Essa dinâmica de jogo aplicada a treinamentos corporativos cria uma saudável competição entre os colaboradores e, consequentemente, um maior aprendizado. Além disso, o Maze Game oferece ranking dos jogadores mais rápidos e um modo treino, no qual o jogador se desafia a responder questões, de forma cada vez mais rápida, com o objetivo de melhorar sua posição no ranking. O objetivo do jogo não é testar conhecimento e, sim, gerar conhecimento.

A primeira experiência do jogador acontece em uma sala de controle no Metaverso, o Maze World, onde ele interage com outros jogadores, entre outras atividades. Uma vez teleportado para dentro de um dos ambientes do Maze, passará por três modos de jogo distintos:

  • -Treino – nesse modo, o jogador caminha pelo cenário respondendo perguntas que aparecem na frente das passagens escolhidas por ele. O diferencial está na possiblidade de solicitar ajuda para responder – essa ajuda pode ser uma explicação (em forma de texto ou vídeo), uma dica ou a própria resposta. Dessa maneira, o jogador ganha familiaridade com as perguntas e agilidade para respondê-las, à medida que aprende as respostas corretas;
  • Sob pressão – a jogabilidade é a mesma do modo treino, porém o jogador pode definir um tempo para sair do labirinto, ou seja, ele se desafiará a diminuir o tempo, de acordo com a agilidade adquirida dentro do ambiente do jogo e o conhecimento das perguntas e respostas;
  • Valendo – esse é o extremo da experiência! Agora o ideal é alcançar o ponto mais alto do ranking. E cada vez que um colaborador é superado no ranking, ele recebe um SMS informando quem o superou e dando-lhe a chance de jogar outras vezes para ultrapassar o conhecimento e a habilidade dos seus oponentes.

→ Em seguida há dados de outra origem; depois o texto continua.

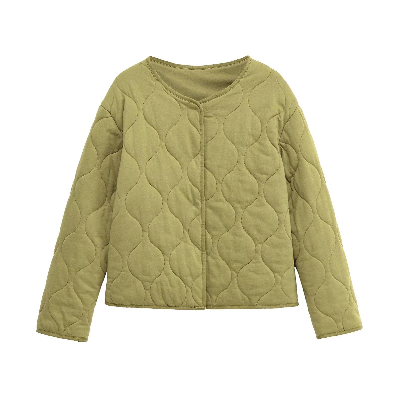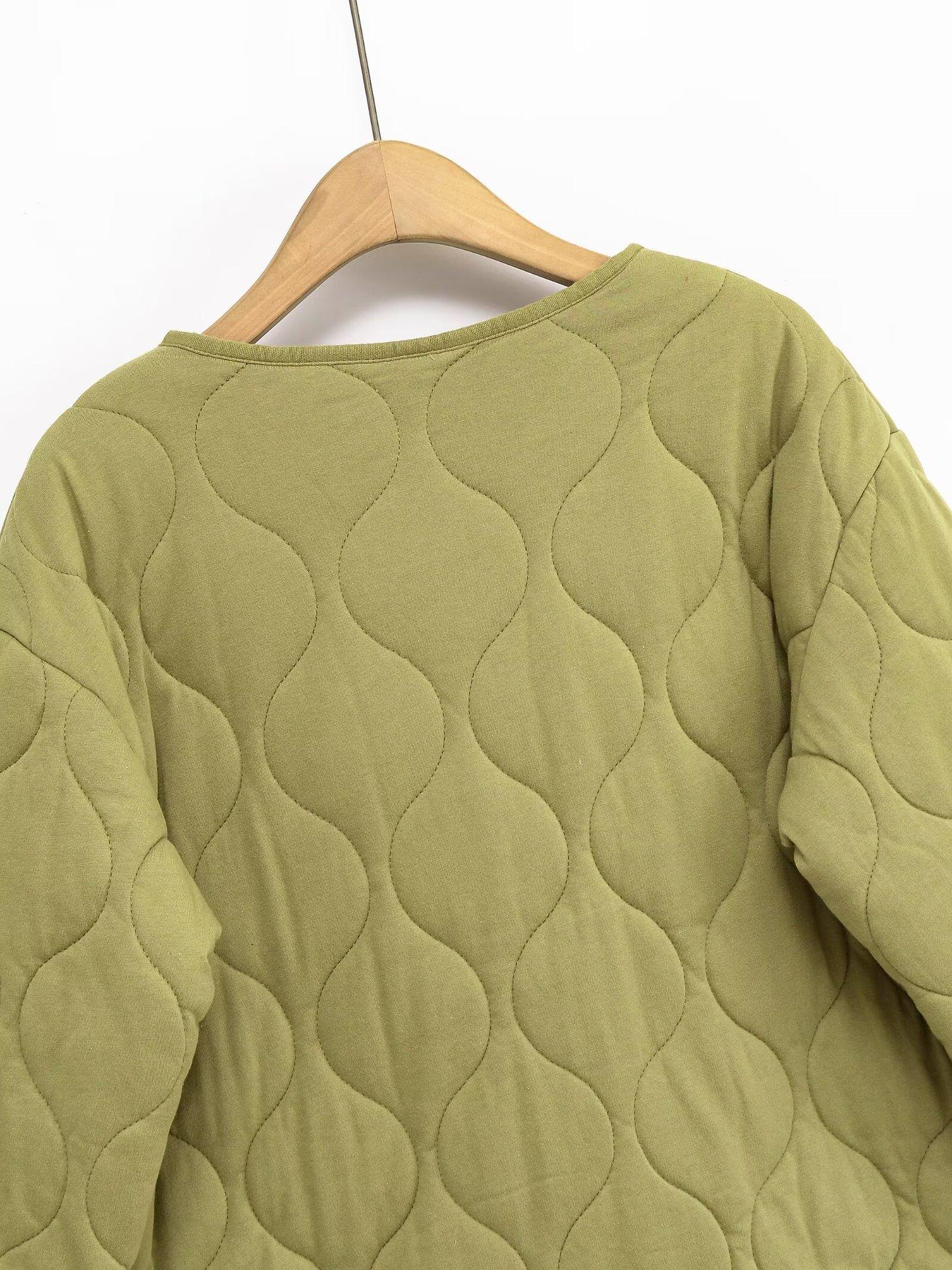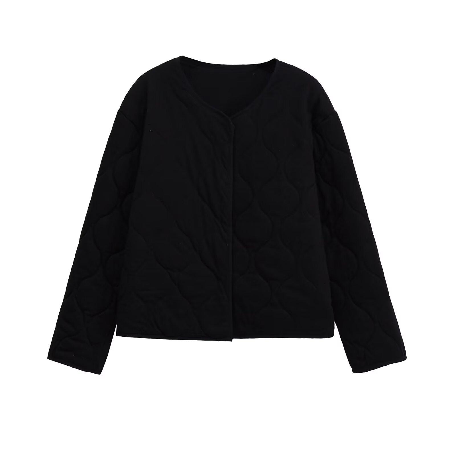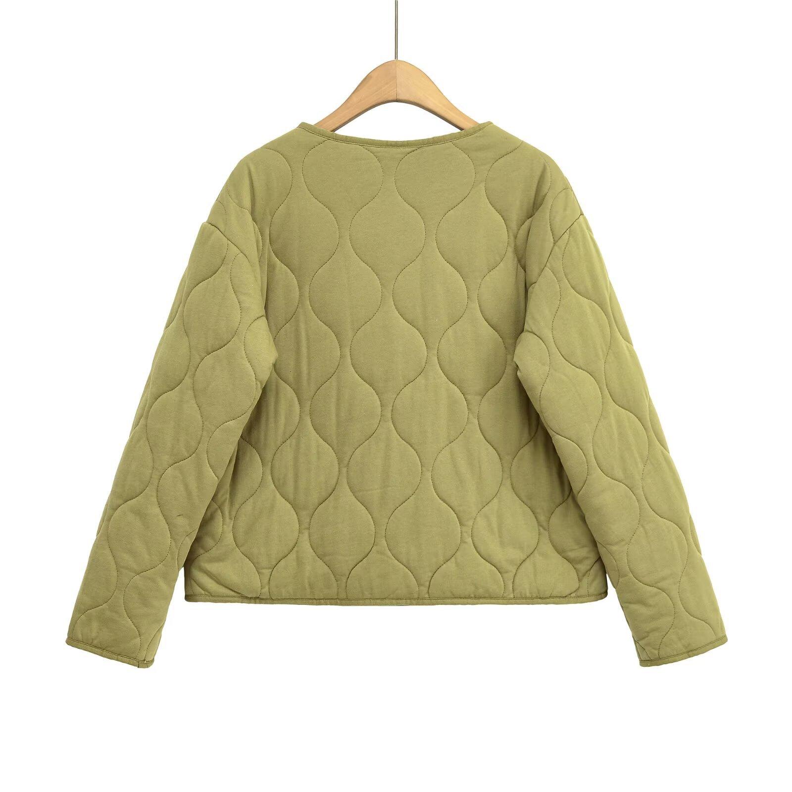 Exportación Transfronteriza Ropa de Mujer 2025 Invierno Estilo Europeo y Americano Cuello Redondo Manga Larga Botonadura Oculta Acolchada Cálida Chaqueta de Algodón F79904
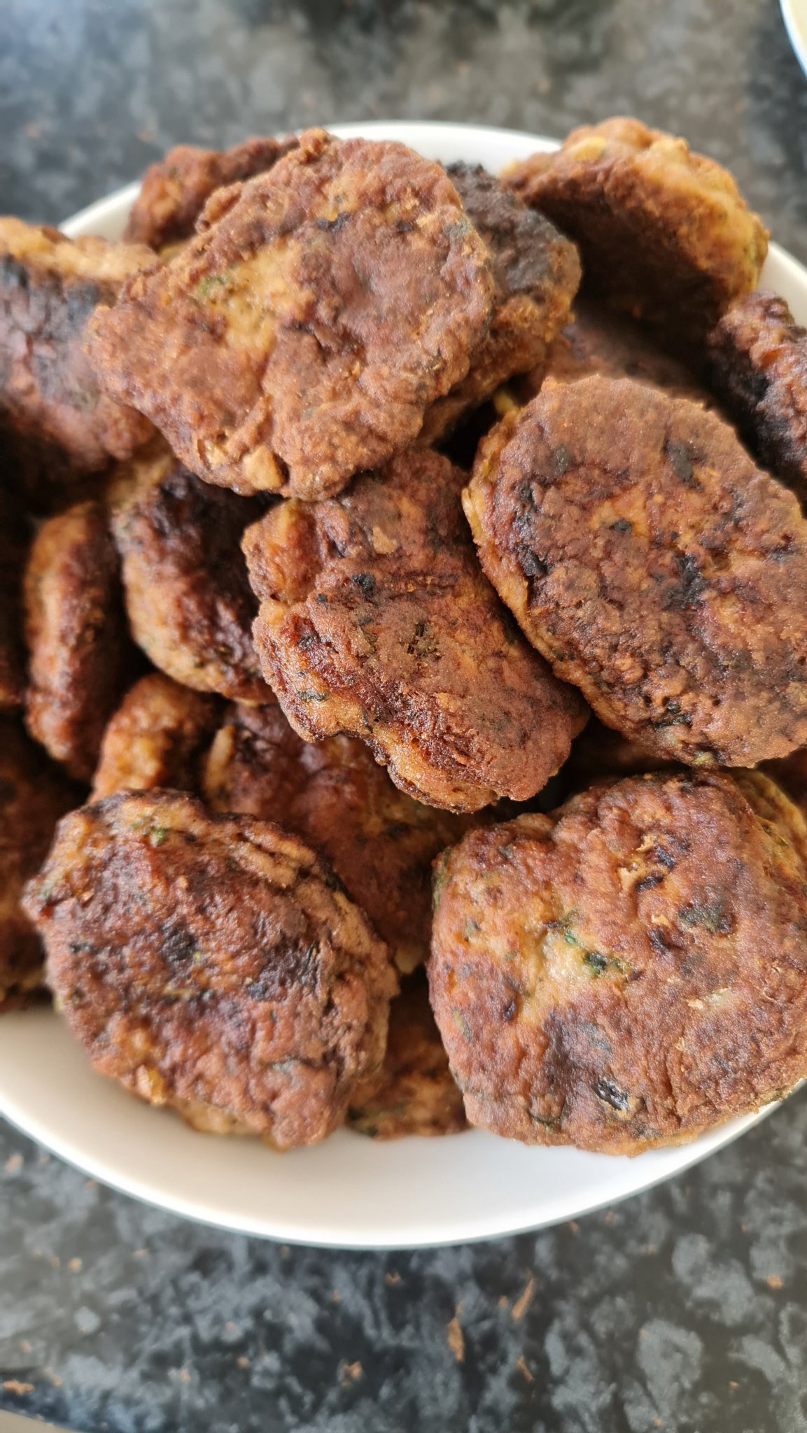 Нарязвам всичко върху кухненската дъска, без да се старая да е на ситно. Добавям подправки (сол, черен пипер), две яйца и пармезан/чедър - настъргани. В рецептата, която някога съм видяла е пармезан, на нас ни харесват с чедър. Важно ми е да са добре изцедени броколите, за да не се налага да добавям брашно. Това е. Пак в рецептата са пържени, но аз от мързел открих, че печени са по-добри. Въобще май никакви зеленчукови кюфтета не пържа вече.

O modo Valendo pode ter data de abertura e encerramento, para possibilitar a premiação dos que mais se destacaram, em uma convenção, por exemplo. No momento da premiação, o primeiro colocado joga ao vivo em um telão, utilizando óculos de realidade virtual, para que todos que estiverem no evento possam vê-lo em ação. Além do conteúdo, que novamente será aprendido, as pessoas ficarão cada vez mais motivadas a participar do jogo. Como premiação, os colaboradores podem acumular pontos ou criptoativos (moedas ou NFTs) para trocar por bens de consumo.

Diante de tantas possibilidades, as vezes me pego pensando para onde tudo isso irá nos levar. Meu conselho é que, se no meio de tanta inovação e tecnologia você identificar algum sentimento de perda por algo que já passou ou mesmo ansiedade pelo que ainda virá, permita-se viver apenas o presente: é tudo o que você, de verdade, tem. Use o presente para plantar boas sementes.

Flavio Sena é CEO da Maze Sistemas, Conselheiro TrendsInnovation, head de gamificação na Isat Educação Corporativa e analista de gamificação da Seppo no Brasil.